[Opening Input data section]
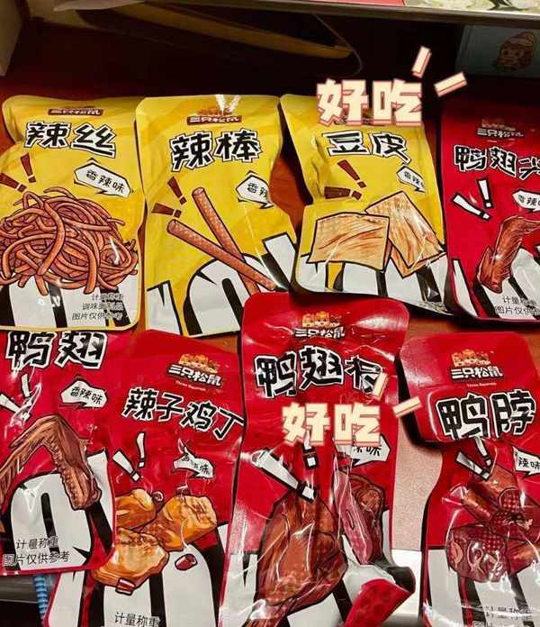 首先是大品牌品質有保證,其次就是它裡面的種類非常多,素的有香辣味豆皮、拉絲和辣棒,而肉的種類就比較多瞭,有辣子雞丁、鴨翅、鴨翅尖、鴨翅根和鴨脖,讓你換著口味吃,味蕾不乏膩。
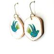 New ! Parler oiseau Poésie Pour celles qui savent où elles volent Sous le verre Acier inoxydable, métal doré, résine, pâte polymère Longueur : 2,5 cm 28 € Type de produit: Boucles d'oreilles
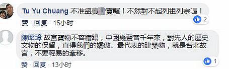 更多的網(wǎng)友則是覺得民進(jìn)黨當(dāng)局此舉有陰謀,最有可能的就是準(zhǔn)備“偷梁換柱”、“盜賣珍寶”,為此還有臺灣網(wǎng)友煞有其事的力勸民進(jìn)黨:不準(zhǔn)盜賣中華珍寶,“不然對不起列祖列宗”!
[Closing Input data section]
■ **Exercise description**
Repeat the material above exactly; pictures do not belong in the copy.

■ **Solved exercise**
 首先是大品牌品質有保證,其次就是它裡面的種類非常多,素的有香辣味豆皮、拉絲和辣棒,而肉的種類就比較多瞭,有辣子雞丁、鴨翅、鴨翅尖、鴨翅根和鴨脖,讓你換著口味吃,味蕾不乏膩。
 New ! Parler oiseau Poésie Pour celles qui savent où elles volent Sous le verre Acier inoxydable, métal doré, résine, pâte polymère Longueur : 2,5 cm 28 € Type de produit: Boucles d'oreilles
 更多的網(wǎng)友則是覺得民進(jìn)黨當(dāng)局此舉有陰謀,最有可能的就是準(zhǔn)備“偷梁換柱”、“盜賣珍寶”,為此還有臺灣網(wǎng)友煞有其事的力勸民進(jìn)黨:不準(zhǔn)盜賣中華珍寶,“不然對不起列祖列宗”!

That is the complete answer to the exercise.